** Opening Data extract block **

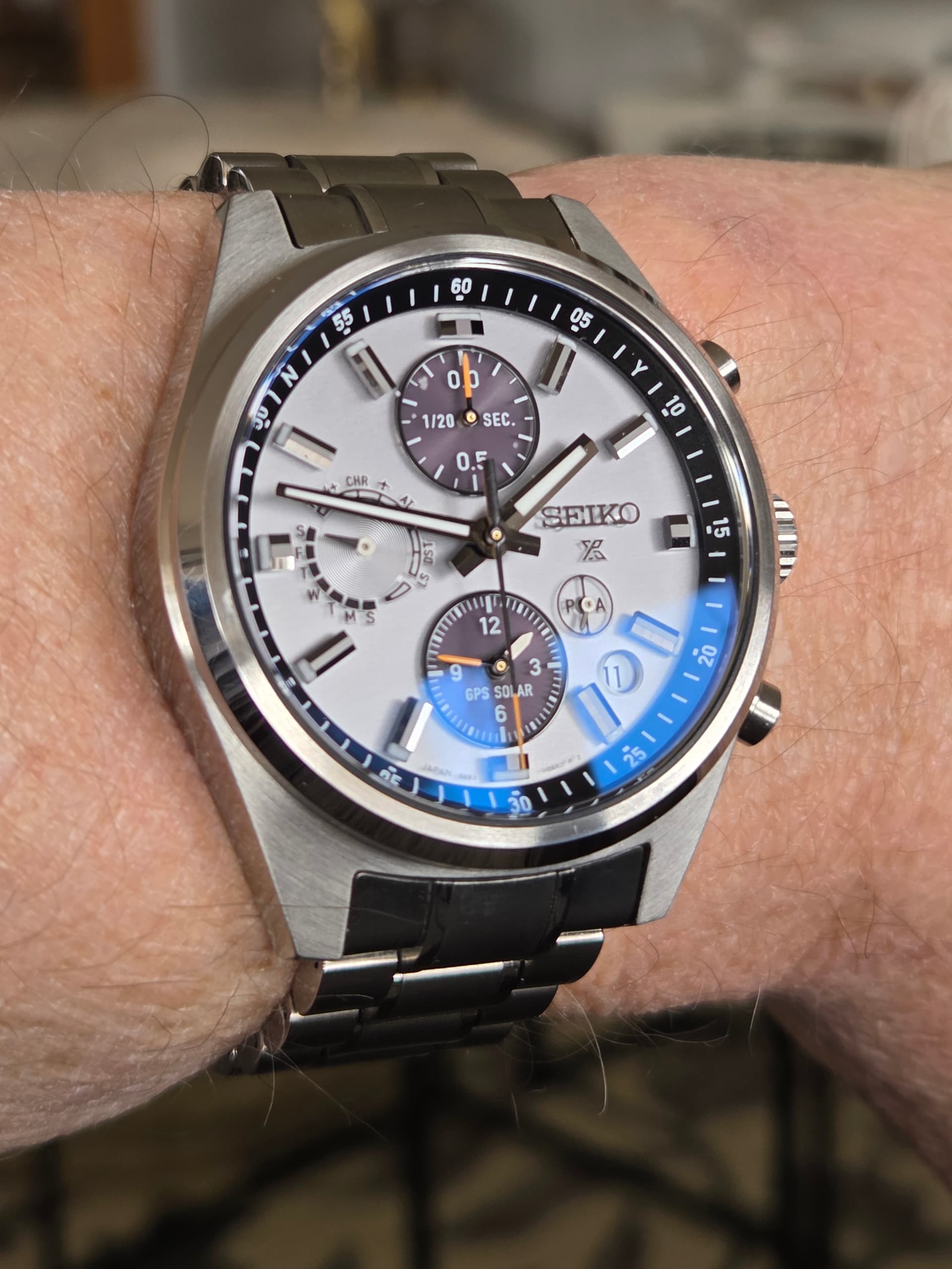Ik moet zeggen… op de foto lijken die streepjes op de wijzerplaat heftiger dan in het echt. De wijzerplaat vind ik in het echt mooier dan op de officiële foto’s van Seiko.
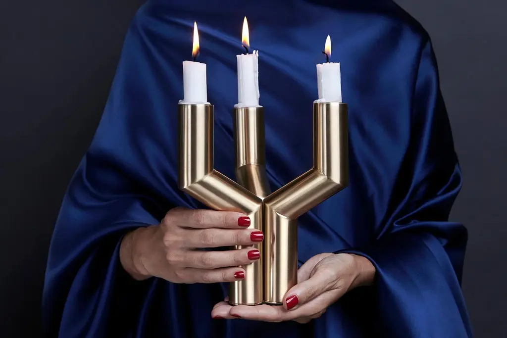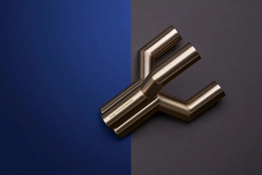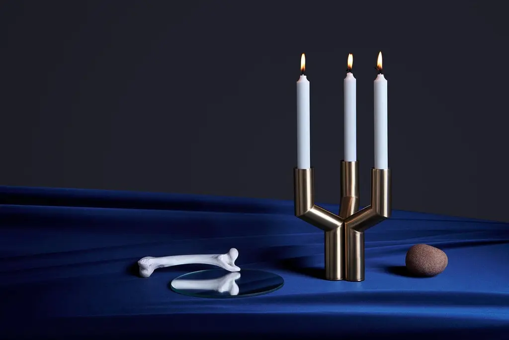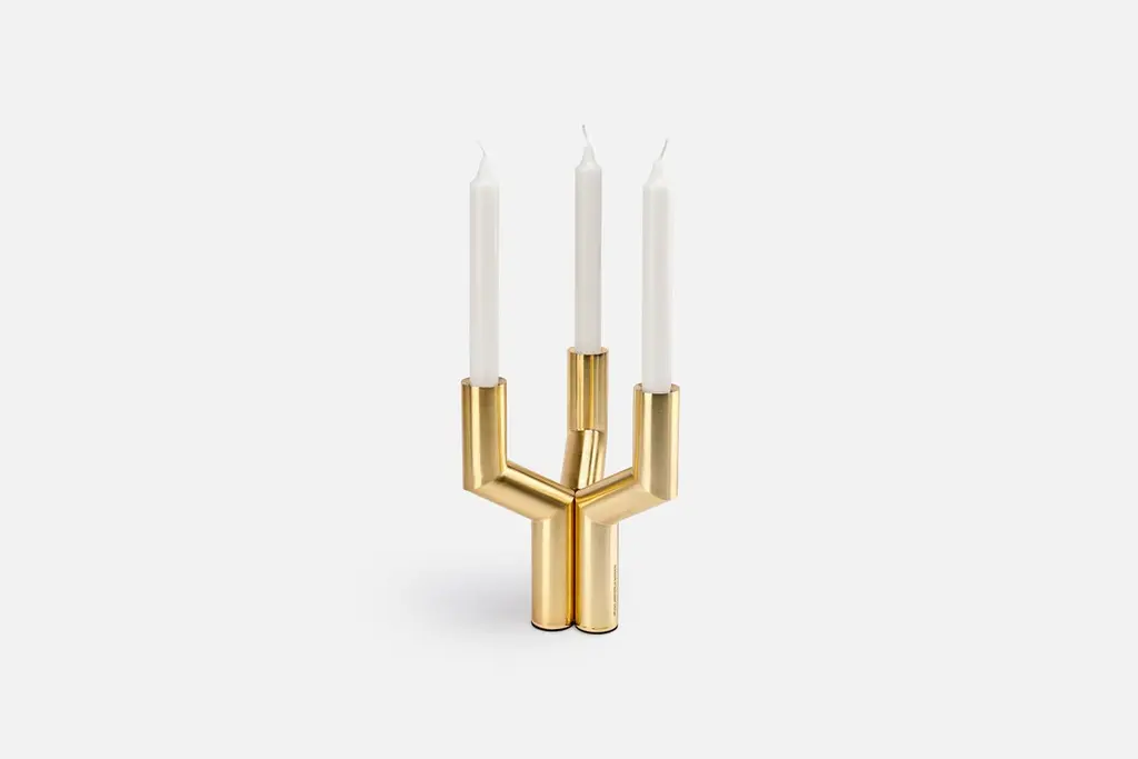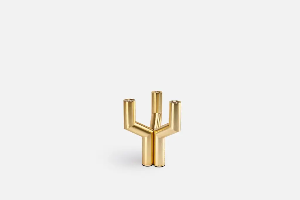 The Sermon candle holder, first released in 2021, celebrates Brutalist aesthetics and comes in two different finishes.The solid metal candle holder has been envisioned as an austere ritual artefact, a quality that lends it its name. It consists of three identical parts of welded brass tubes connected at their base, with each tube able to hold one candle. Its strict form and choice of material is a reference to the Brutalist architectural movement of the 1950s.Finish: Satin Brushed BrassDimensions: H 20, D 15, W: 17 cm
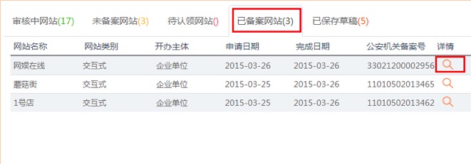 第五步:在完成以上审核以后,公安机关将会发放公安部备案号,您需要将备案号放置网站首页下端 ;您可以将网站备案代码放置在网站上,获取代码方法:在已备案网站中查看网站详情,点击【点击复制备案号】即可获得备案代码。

** Closing Data extract block **

Exercise description:
In your reply, every line of the material should appear exactly as written, and no picture should.

Expected output:
Ik moet zeggen… op de foto lijken die streepjes op de wijzerplaat heftiger dan in het echt. De wijzerplaat vind ik in het echt mooier dan op de officiële foto’s van Seiko.
 The Sermon candle holder, first released in 2021, celebrates Brutalist aesthetics and comes in two different finishes.The solid metal candle holder has been envisioned as an austere ritual artefact, a quality that lends it its name. It consists of three identical parts of welded brass tubes connected at their base, with each tube able to hold one candle. Its strict form and choice of material is a reference to the Brutalist architectural movement of the 1950s.Finish: Satin Brushed BrassDimensions: H 20, D 15, W: 17 cm
 第五步:在完成以上审核以后,公安机关将会发放公安部备案号,您需要将备案号放置网站首页下端 ;您可以将网站备案代码放置在网站上,获取代码方法:在已备案网站中查看网站详情,点击【点击复制备案号】即可获得备案代码。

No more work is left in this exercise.